ABOUT THIS TASK: In the data below, restate exactly the lines from the one with "大家都知道,足球运动员的瞬间" to the final line, both included, but not the pictures.

DATA SEGMENT:
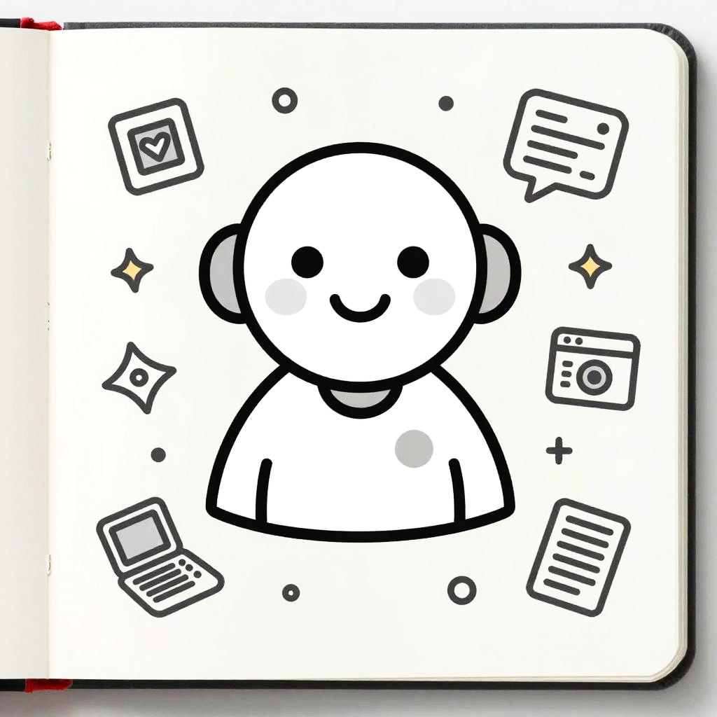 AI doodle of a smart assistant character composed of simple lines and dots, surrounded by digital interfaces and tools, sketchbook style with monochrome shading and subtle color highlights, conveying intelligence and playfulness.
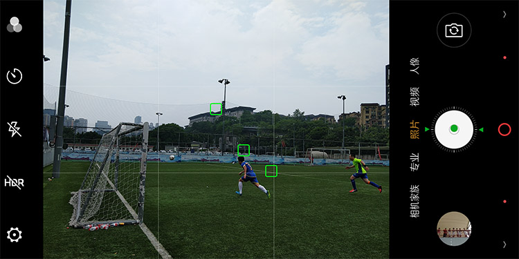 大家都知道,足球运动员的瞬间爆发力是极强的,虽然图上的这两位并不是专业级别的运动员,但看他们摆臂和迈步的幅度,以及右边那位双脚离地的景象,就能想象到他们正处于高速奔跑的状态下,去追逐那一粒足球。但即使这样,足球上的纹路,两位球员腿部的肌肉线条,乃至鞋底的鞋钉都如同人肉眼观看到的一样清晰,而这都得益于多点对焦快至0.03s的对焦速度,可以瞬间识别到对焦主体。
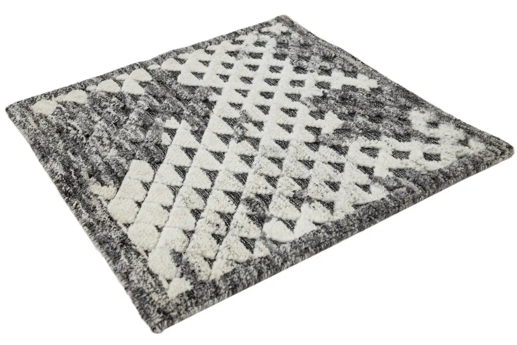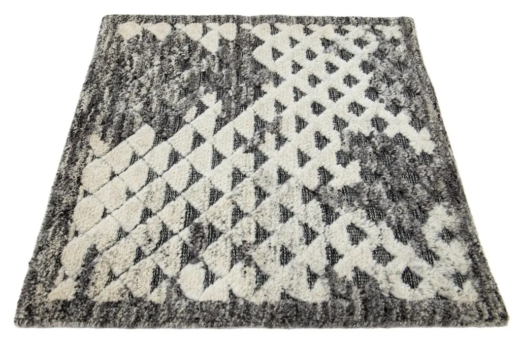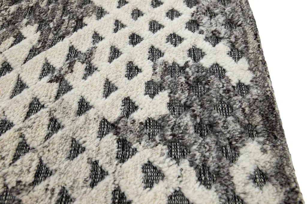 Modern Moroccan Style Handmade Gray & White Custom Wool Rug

RESPONSE BELOW:
 大家都知道,足球运动员的瞬间爆发力是极强的,虽然图上的这两位并不是专业级别的运动员,但看他们摆臂和迈步的幅度,以及右边那位双脚离地的景象,就能想象到他们正处于高速奔跑的状态下,去追逐那一粒足球。但即使这样,足球上的纹路,两位球员腿部的肌肉线条,乃至鞋底的鞋钉都如同人肉眼观看到的一样清晰,而这都得益于多点对焦快至0.03s的对焦速度,可以瞬间识别到对焦主体。
 Modern Moroccan Style Handmade Gray & White Custom Wool Rug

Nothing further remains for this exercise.